Marie/Magda is in a taxi, looking even more wasted than before. Tess calls the studio to inform them that she has a drunken on her hands, but the producer cuts her off because Marie is due on air in 20 minutes time.
Frankie tries to call Cat again but because her mobile is now on a fast washing-spin, it goes straight to voicemail again.
Marie arrives at the studio but collapses in her dressing room, dribbling. Tess’ fellow runner tells her that the only solution is for her to go on air, pretending to be the award-winning child psychologist, Marie Chambers instead.
We’re not sure if this actually is the most practical way to solve a problem like a drunken Maria.
Ten, nine, eight… and cue Tess lining up for her big chat show debut. For some reason, she’s donned Marie’s cardigan, as if this is going to disguise the fact that her face looks very different or that she has no child psychology information in her head. Three, two, one… Lou and Tom introduce Dr. Marie Chambers.

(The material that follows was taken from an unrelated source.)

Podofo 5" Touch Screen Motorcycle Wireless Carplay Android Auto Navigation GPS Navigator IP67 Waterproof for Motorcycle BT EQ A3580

Tess: [whispering to a freaked out Lou and Tom] Don’t worry I’ll get you through this.
Oh dear. They go straight to a phone-in.
Lynne from Balmeddie: My little boy is 4-months-old but cries continuously through the night. I was wondering what you would suggest. We are getting desperate.

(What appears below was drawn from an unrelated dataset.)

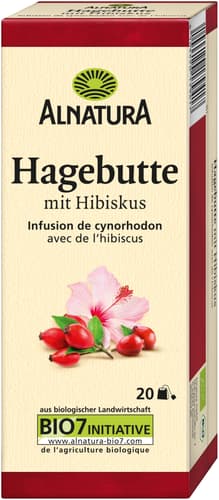Rose Hip Tea with hibiscus with a fruity-sour aroma. The fully ripe, pitted and cut rose hips of the dog rose and the fruit cups of the hibiscus are used for this Alnatura tea. It is characterized by a fresh, fruity, pleasantly sour aroma.
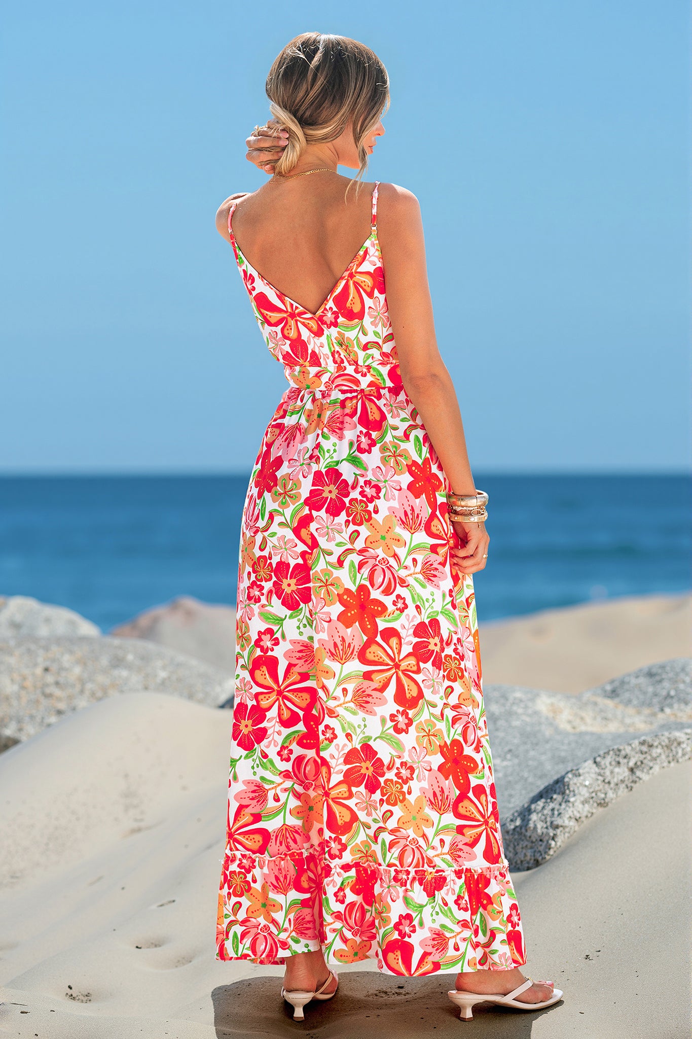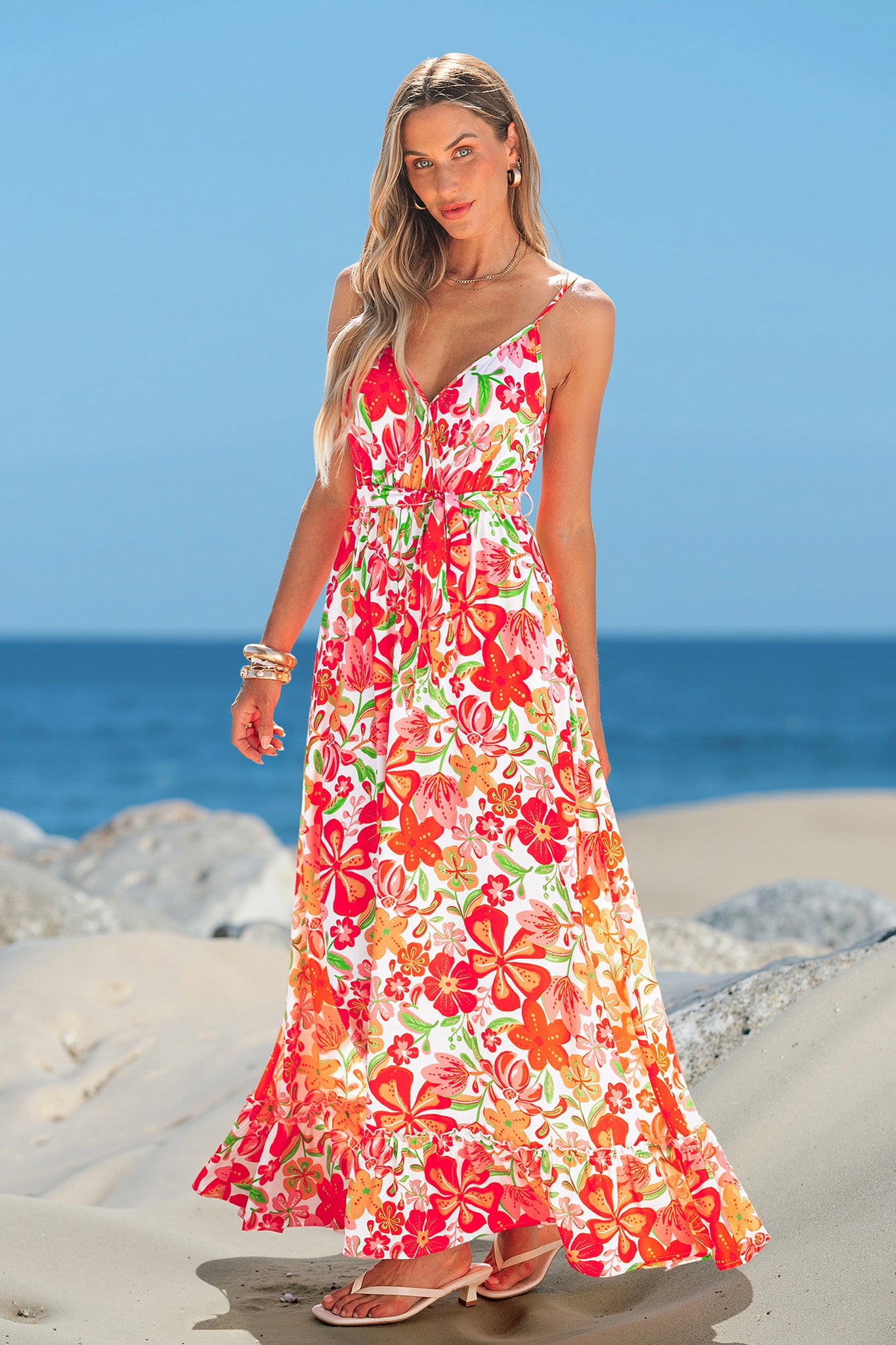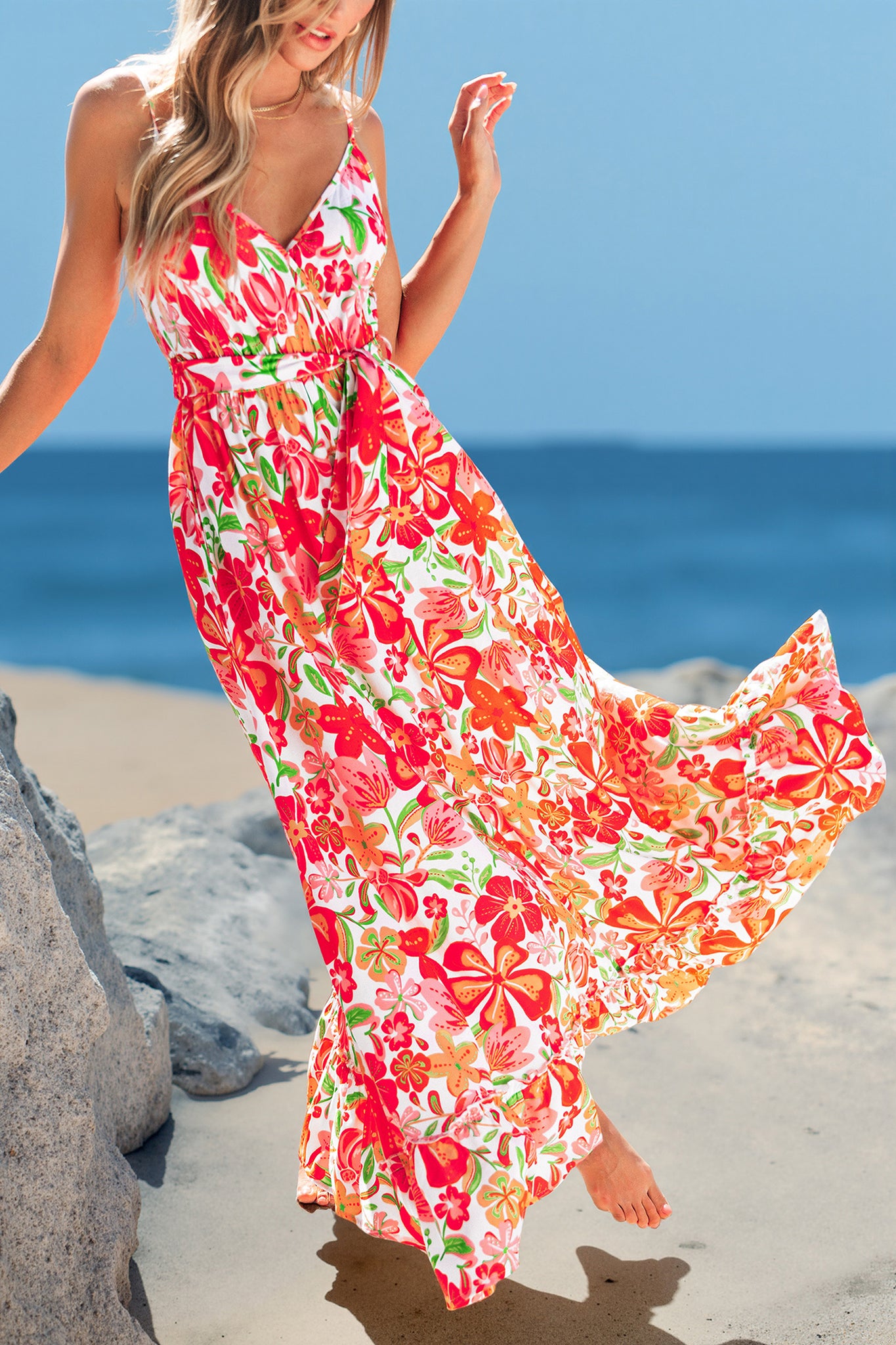Ärmelloses Maxi-Wickelkleid mit Taillengürtel

Tess: I’d imagine that if someone kept me up all night, I’d be pretty desperate too, unless they were hot obviously.
Sarah & Lee: I don’t think Tess is going to pull this off.

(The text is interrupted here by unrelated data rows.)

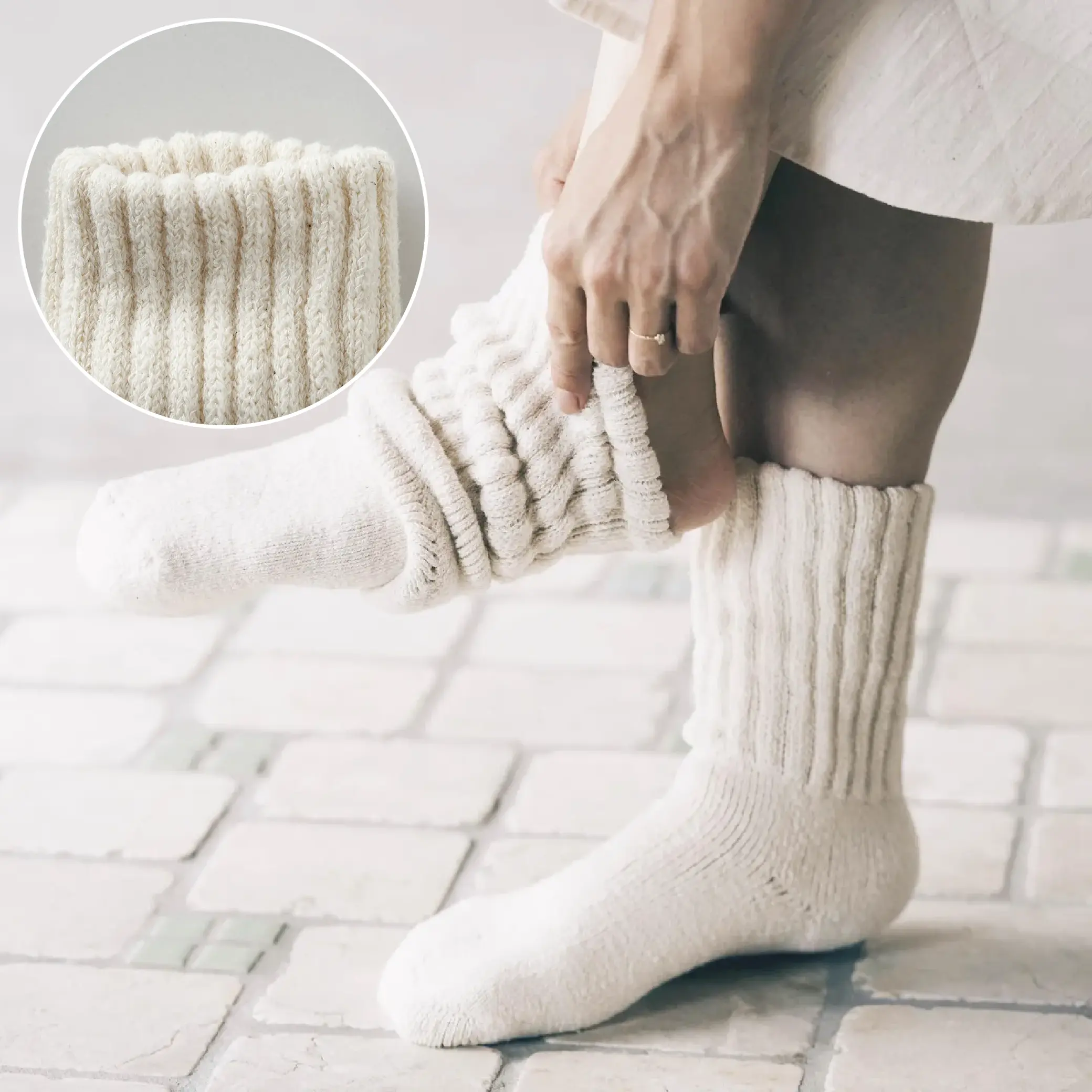 厚手なのに重さを感じず、ふわりとした温かさが続きます。自然栽培綿100%の糸を使うことで、環境にも肌にもやさしい履き心地を実現しています。
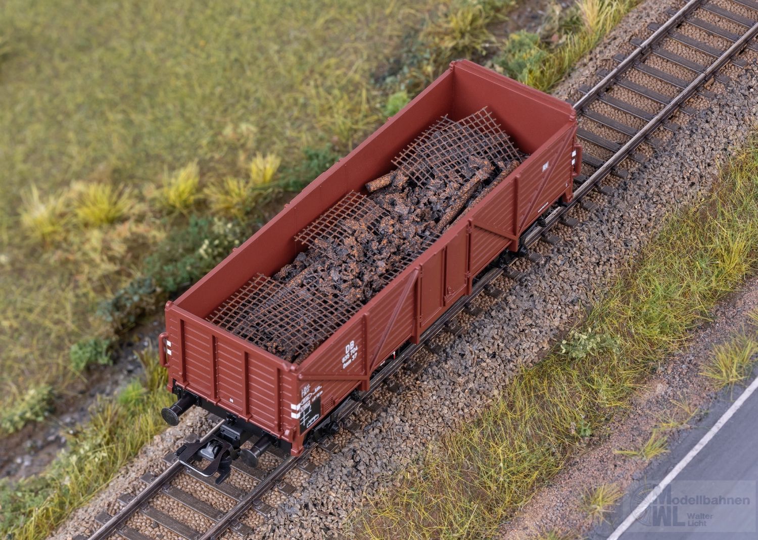 Vorbild: Offener Hochbordwagen der Bauart Omm 37 der Deutschen Bundesbahn (DB). Rotbraune Grundfarbgebung. Betriebszustand ab Mitte der 1950er-Jahre.
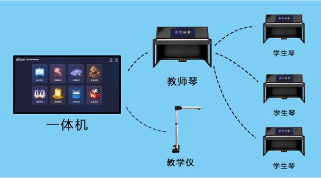 金三惠依據客戶需求,提供了數字化音樂創客教學整體方案,配備12+1的音樂創客教學軟件、智慧鋼琴1018S、電教板等整套設施。
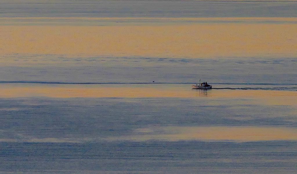 1024x600 лодка, море, горизонт, вечер, небо обои нетбук, планшет

Tess: I would suggest reading to him. Has he heard Watership Down?
Lynne: He’s four months old.
Tess: Yes, well, advanced literature can be extremely stimulating. It’s like people in comas; they don’t seem like they’re listening, but they are.
Tom and Lou have never had anything like this on their show before.
The production manager looks very angered. The second caller is put on and Tess’ solution for a problem 7-year-old is that some kids are just brats, so perhaps boarding school or a scary nanny?
This ship has really sunk now and Tess is harshly sacked by the infuriated production manager.